**Task description:** Look in the data below for the line that has "Lätt installation och", then print exactly every line from there through the line that has "라인·초음파 센서로 주행 로직을 구현합니다.", leaving pictures out.

**Data entries:**

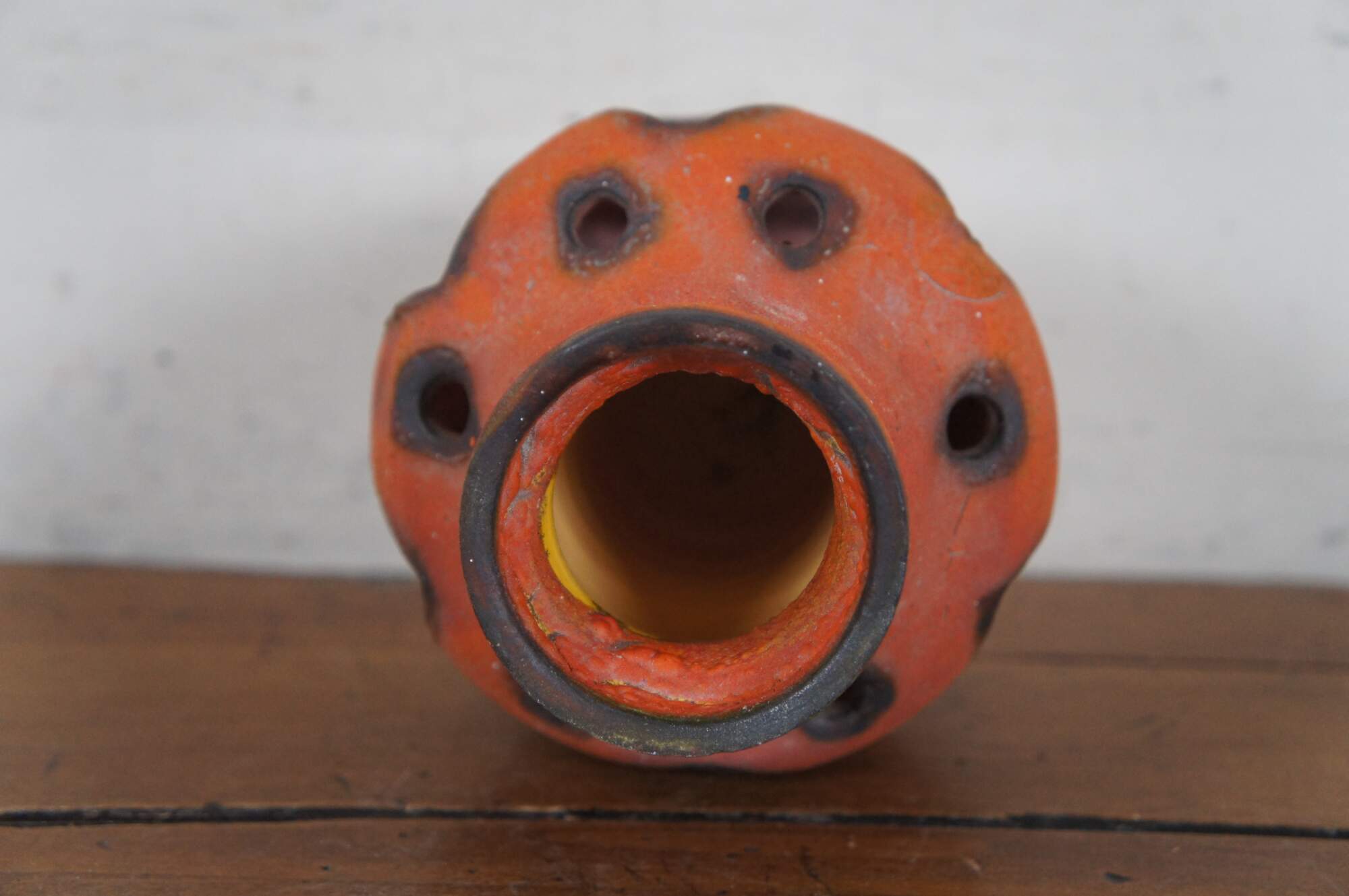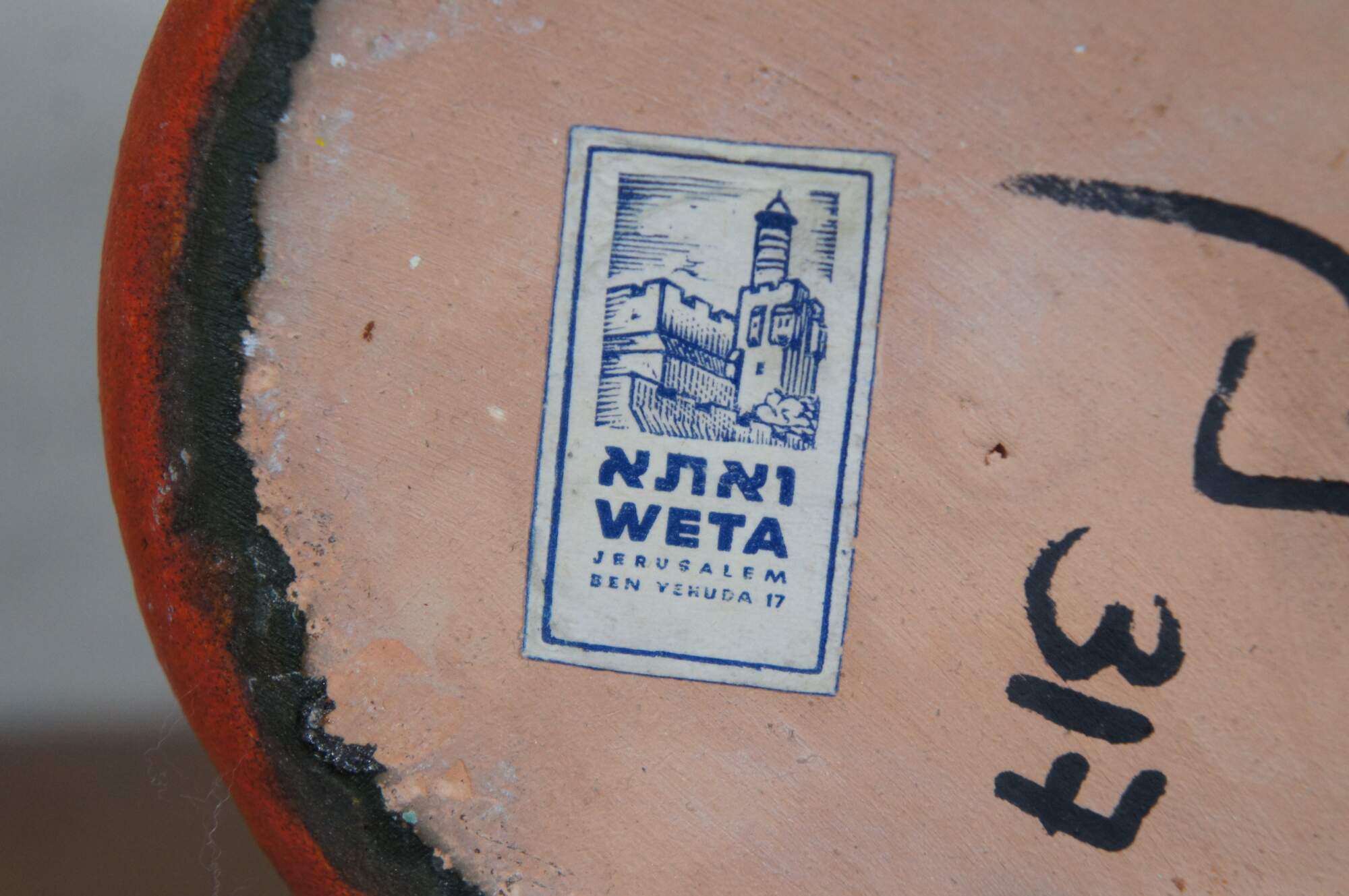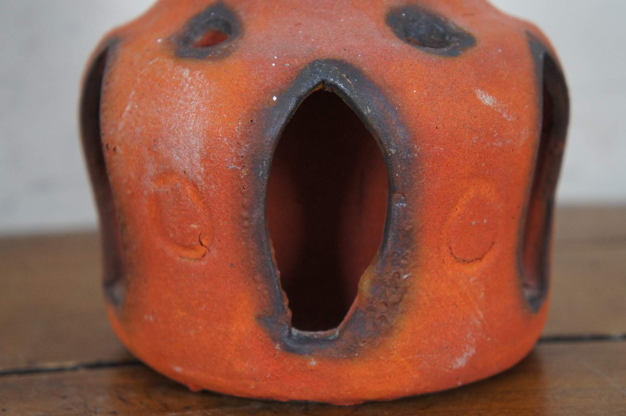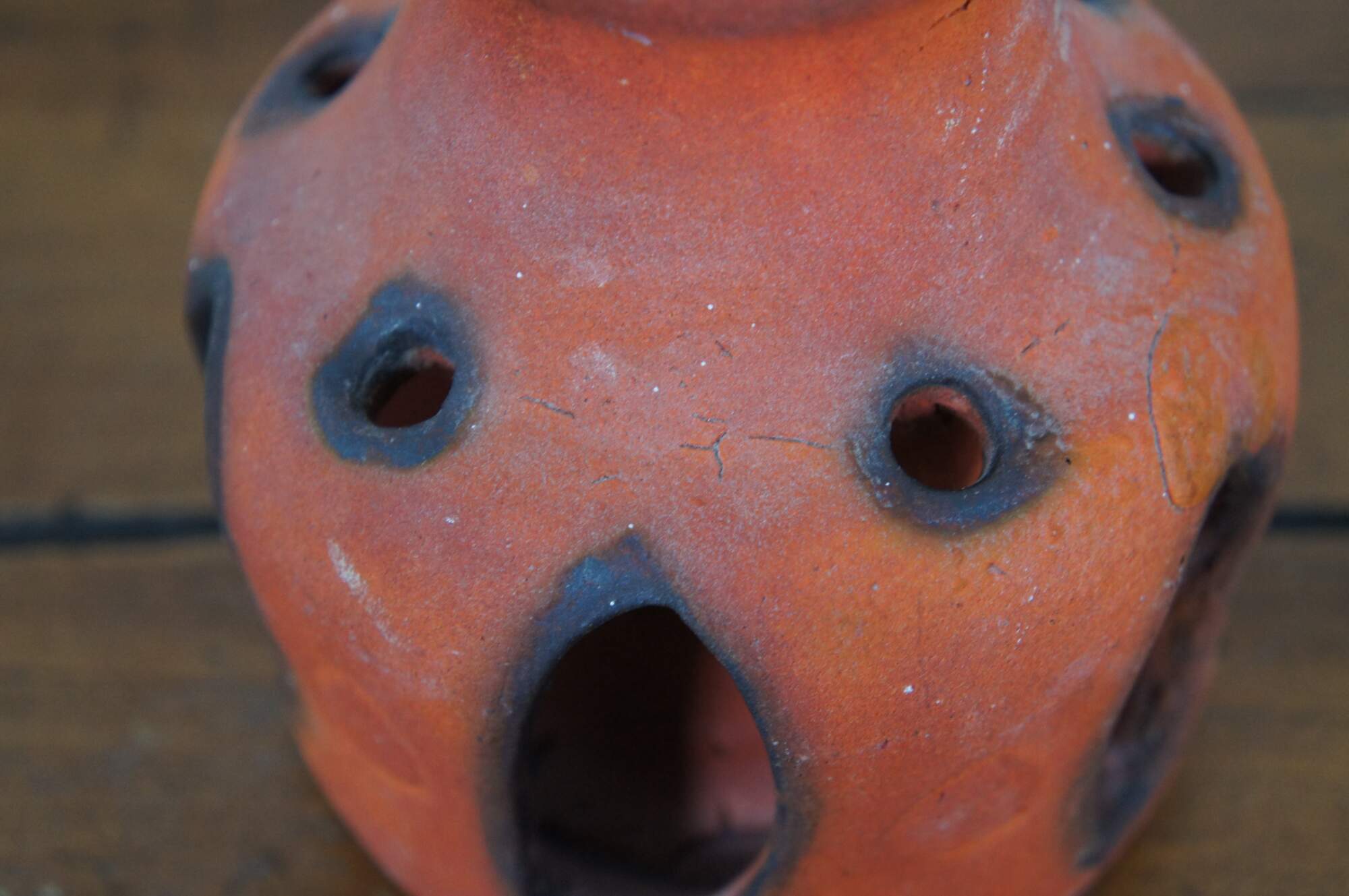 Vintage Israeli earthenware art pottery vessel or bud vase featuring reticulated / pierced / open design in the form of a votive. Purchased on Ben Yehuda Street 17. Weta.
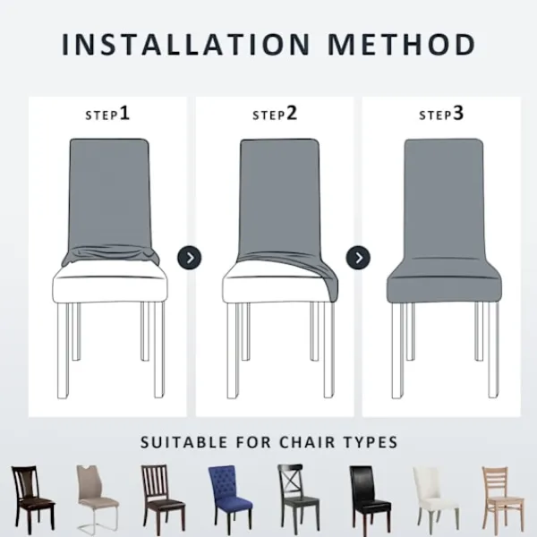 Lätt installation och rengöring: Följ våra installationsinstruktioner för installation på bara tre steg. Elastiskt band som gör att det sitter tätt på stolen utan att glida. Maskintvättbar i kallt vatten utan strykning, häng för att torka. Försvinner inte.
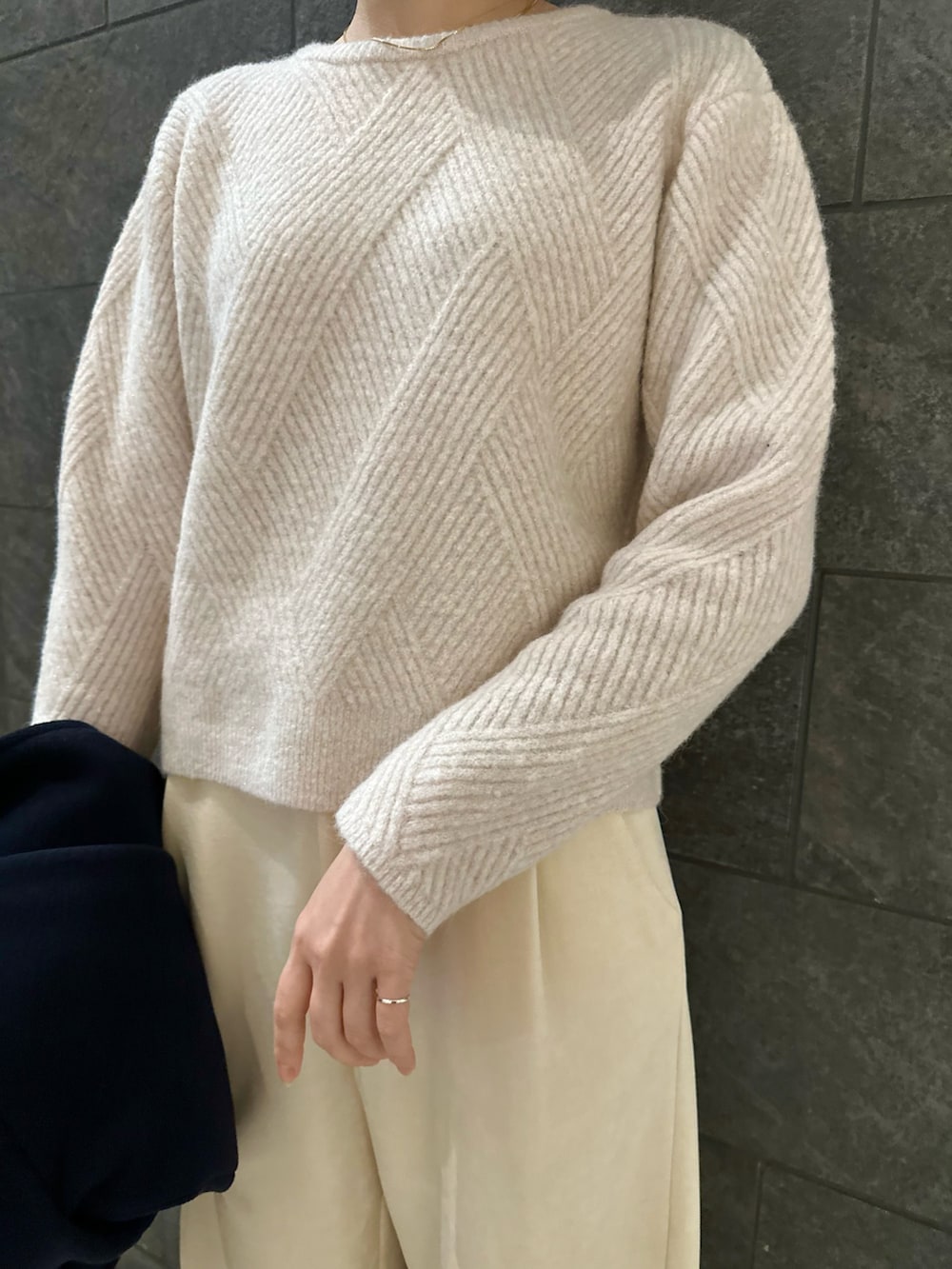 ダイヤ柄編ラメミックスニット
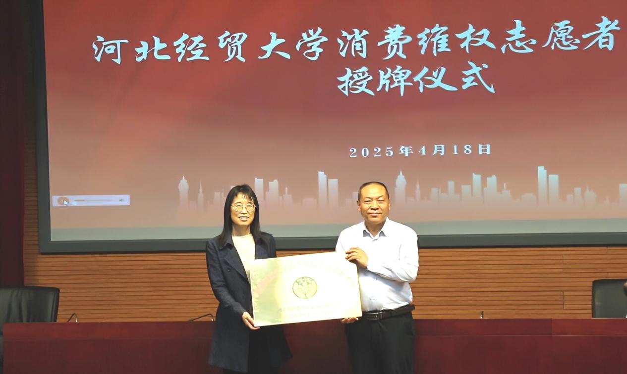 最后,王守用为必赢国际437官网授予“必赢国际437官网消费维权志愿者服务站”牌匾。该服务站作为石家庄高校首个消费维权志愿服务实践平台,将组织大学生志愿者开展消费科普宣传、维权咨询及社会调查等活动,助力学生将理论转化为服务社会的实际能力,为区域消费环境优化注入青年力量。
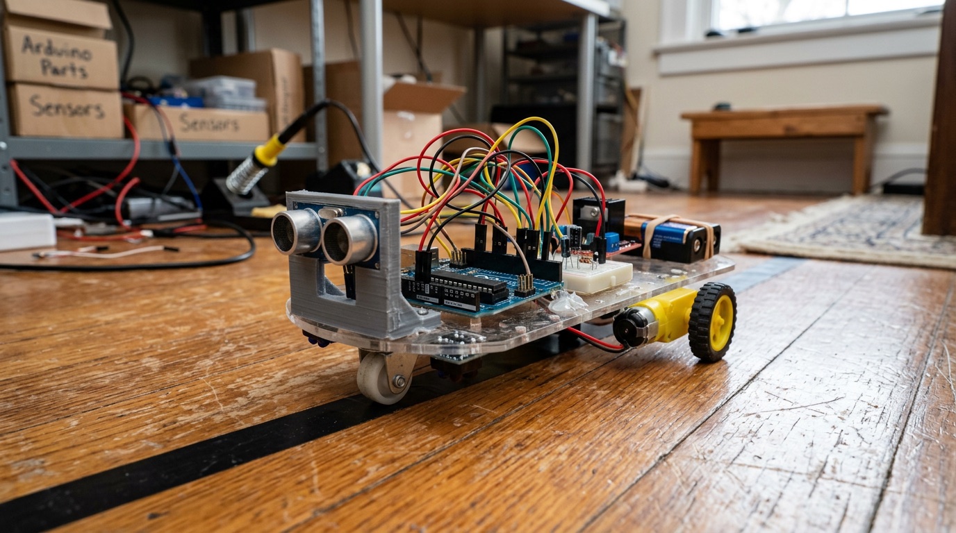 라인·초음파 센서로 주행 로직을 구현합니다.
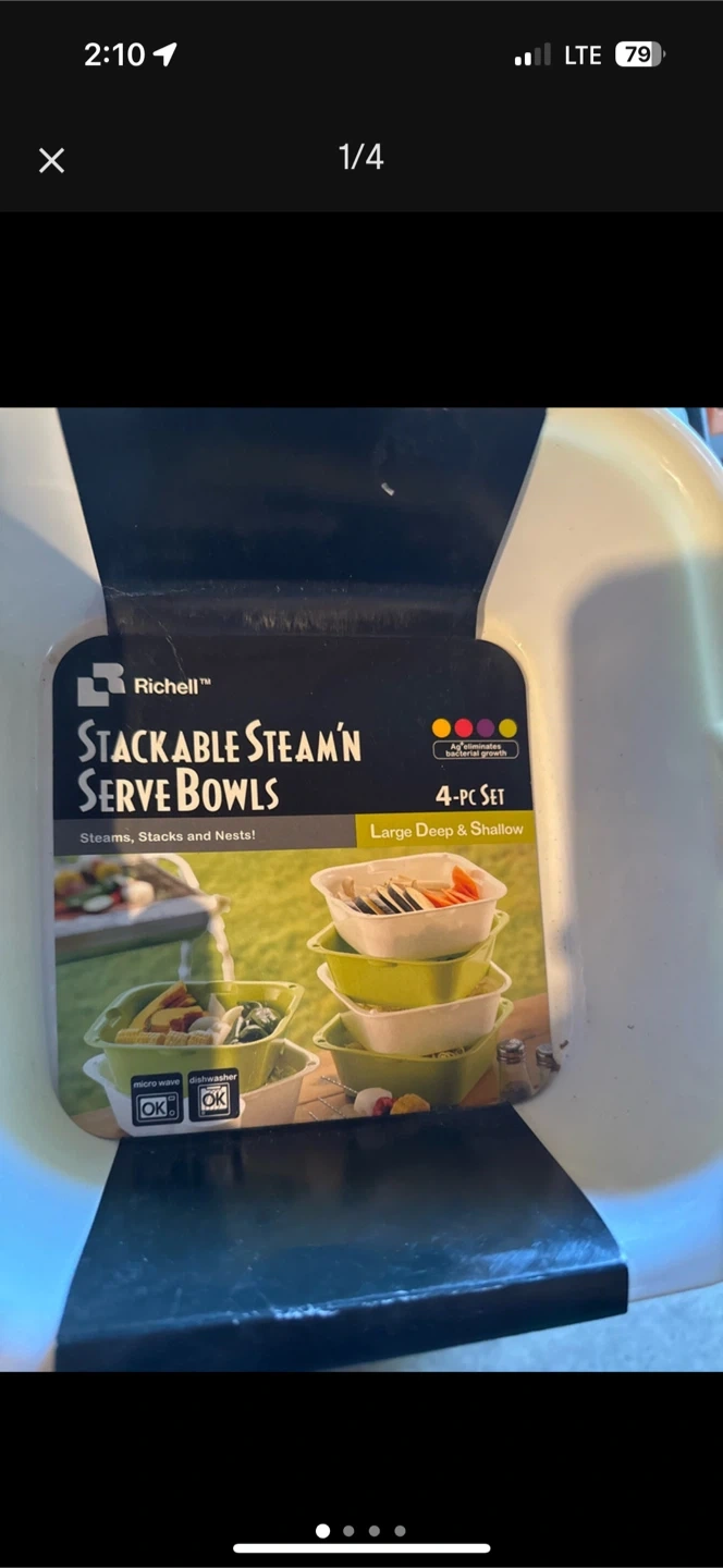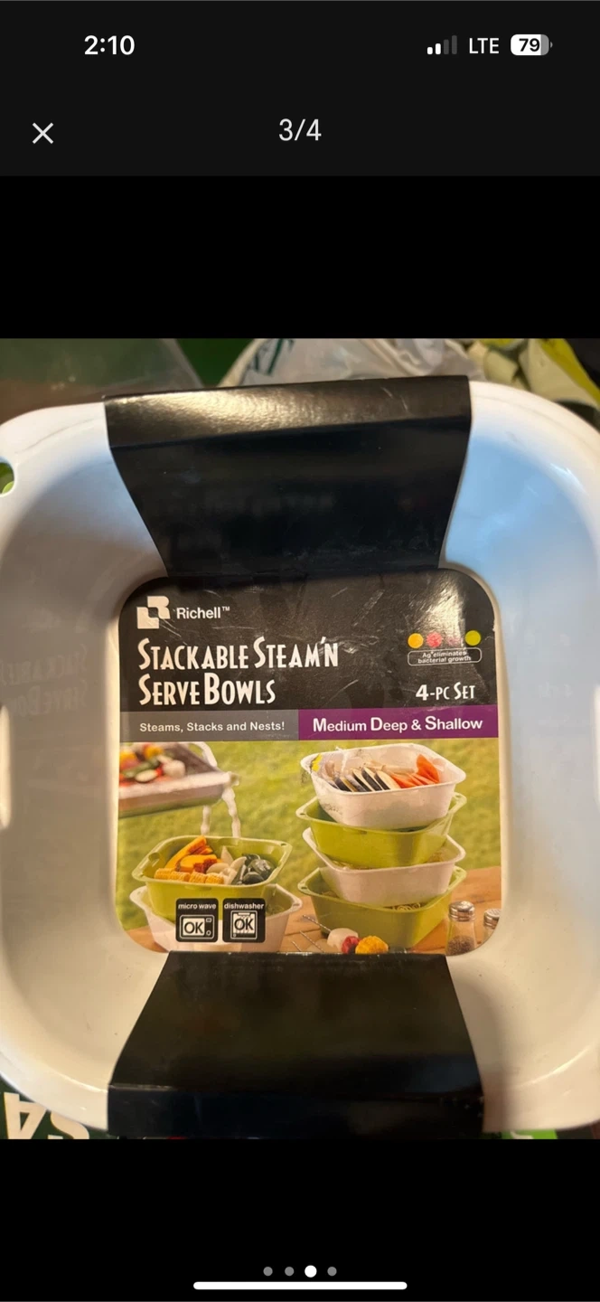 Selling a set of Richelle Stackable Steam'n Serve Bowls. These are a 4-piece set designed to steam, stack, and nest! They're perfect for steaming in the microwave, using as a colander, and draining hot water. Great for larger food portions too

**Output of the exercise:**
 Lätt installation och rengöring: Följ våra installationsinstruktioner för installation på bara tre steg. Elastiskt band som gör att det sitter tätt på stolen utan att glida. Maskintvättbar i kallt vatten utan strykning, häng för att torka. Försvinner inte.
 ダイヤ柄編ラメミックスニット
 最后,王守用为必赢国际437官网授予“必赢国际437官网消费维权志愿者服务站”牌匾。该服务站作为石家庄高校首个消费维权志愿服务实践平台,将组织大学生志愿者开展消费科普宣传、维权咨询及社会调查等活动,助力学生将理论转化为服务社会的实际能力,为区域消费环境优化注入青年力量。
 라인·초음파 센서로 주행 로직을 구현합니다.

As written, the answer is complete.